In the case at bar a deposition of the husband's treating therapist would
provide a potential for abuse without court supervision. The husband's
treatment, in part, may be relevant, but there very well may be other areas of
the therapeutic relationship unrelated to the issue at bar which should not be
disclosed. As such, testimony in court, subject to objection and argument on
relevancy would be more appropriate than deposition testimony. Similarly, an
unrestricted order to disclose all notes, would also be too broad. The notes,
though, may be germane to trial preparation if the wife is going to call the
husband's therapist as a witness. As such, the court will conduct an in camera
inspection of the treating therapist's notes for the court review as to
relevance and subject to redaction (People ex rel.
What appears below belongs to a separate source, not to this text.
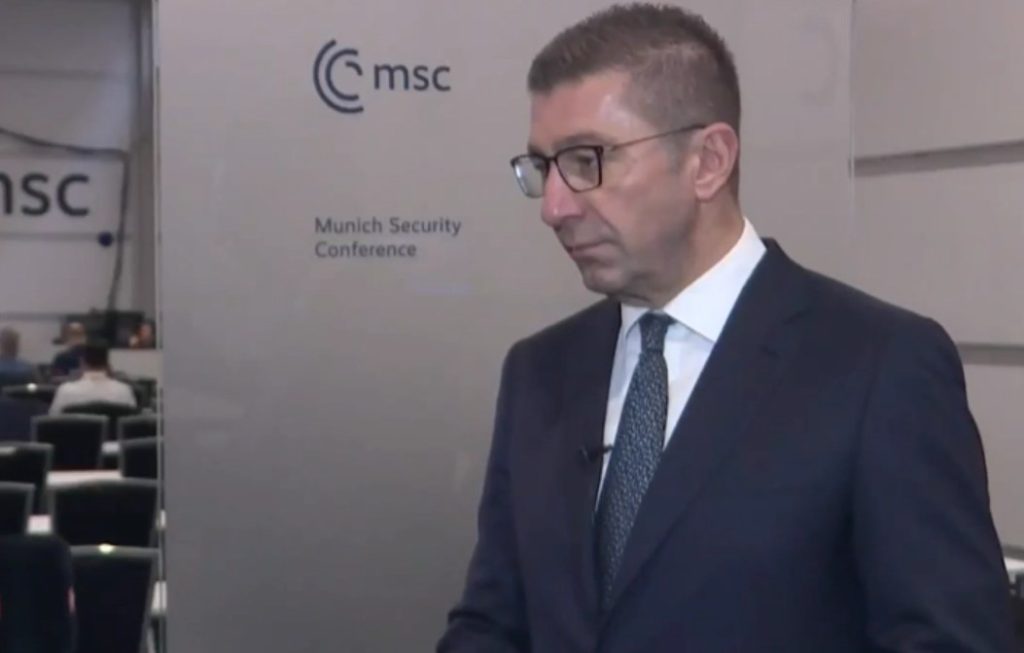 Во интервју за Македонската радио-телевизија (МРТ) на маргините на Минхенската безбедносна конференција  Мицкоски  рече дека македонската Влада се бори да укаже на неправдите низ кои поминала земјата во евроинтегративниот процес и дека членството во Европската Унија не е милост, туку нешто што одамна го заслужила.

Hickox v. Hickox, 64 A.D.2d 412, 410 N.Y.S.2d 81
[1 Dept., 1978]). The notes shall be produced on October 21, 2008, in a sealed envelope for this court to determine
which portion of these documents, if any, must be turned over to the wife's
counsel, subject to redaction.
Counsel Fees
Defendant requests that this Court award him counsel fees in the amount of
$25,000.00. Defendant concedes that he is a Yale
Law School graduate, employed as an associate at a major New York law firm and he earned $200, 000.00 in 2007. The wife
claims that the husband is working as a part-time associate only and that had
he been employed full time, his earnings would be approximately $300,000.00
(defendant asserts that he works 40 hours a week). The wife also claims that
husband has liquid assets of $206,000.00 and loaned $100,000.00 to friend in
the year of 2003, which remains unpaid. The husband claims that his income is
limited because of his child care responsibilities and that the income he
earned in 2007 was an aberration. He claims that in most years he earned
approximately $70,000.00 a year in contrast to the wife's earnings which
exceeded $200,000.00 a year.
At the Court's request the wife's recently filed tax returns for 2007 were
produced. She is a non-tenured faculty member in the department of theology at
a university where she earns an annual income of $47,500.00. The wife is also
the beneficiary of a family trust which paid to her taxable interest in the
amount of $195, 954.00 and dividends of $111,177.00 with a $3,000.00 deduction
for a capital loss, she has an adjusted gross income of $306, 131.00. The wife
concedes at oral argument that from these monies legal fees in 2007 of
$118,300.00 were paid. The husband spent $65,000 in legal fees2. The
wife further avers that she receives no child support from the husband and she
pays 100 percent of the childrens' private school tuition.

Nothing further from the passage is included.